TASK DESCRIPTION
Starting at the line that holds "素材:ガラス(耐熱)、ジェルワックス、ドライフラワー、プリザーブドフラワー", restate every line word for word up to and including the last one in the listing below, and omit all pictures.
##### RAW DATA
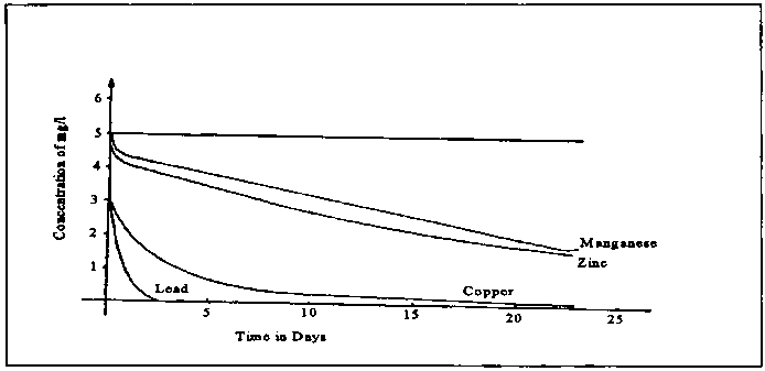 Wetland treatment systems using totora are quite efficient at removing nutrients and oxygen-demanding substances from effluents. Table 9 shows the percentage of removal of chemical compounds from wastewater by the system in Puno. Parasites were also removed from the inflow waters, and total and fecal coliforms were reduced in concentration by 80% and 99%, respectively. The experiments performed in Bolivia on the removal of heavy metals by totora show that lead, silver and copper can be removed from effluents in less than 2 days. Figure 22 shows the decline in concentration of several heavy metals in a typical effluent.
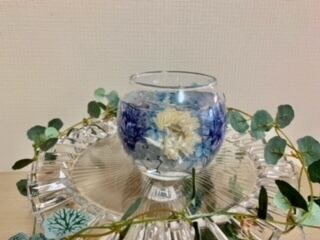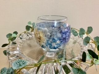 素材:ガラス(耐熱)、ジェルワックス、ドライフラワー、プリザーブドフラワー
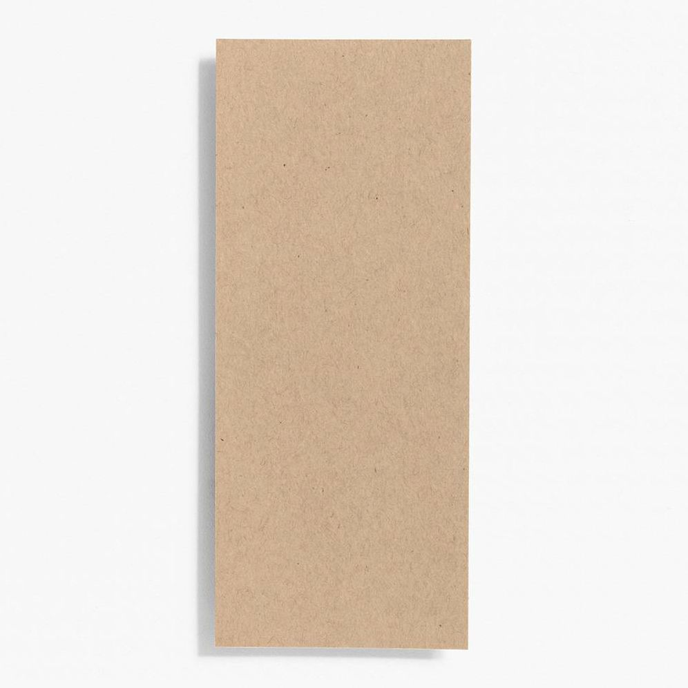 Our #10 flat card in cover weight fits in our #10 open end envelopes. This slender design is perfect for a quick note or unique invitation. Environmentally friendly, Paper Bag is made from 30% post-consumer waste and has a natural khaki color. Due to the recycled content, please note that each piece is unique and may vary slightly in color or texture.
##########
ANSWER TO THIS EXERCISE
 素材:ガラス(耐熱)、ジェルワックス、ドライフラワー、プリザーブドフラワー
 Our #10 flat card in cover weight fits in our #10 open end envelopes. This slender design is perfect for a quick note or unique invitation. Environmentally friendly, Paper Bag is made from 30% post-consumer waste and has a natural khaki color. Due to the recycled content, please note that each piece is unique and may vary slightly in color or texture.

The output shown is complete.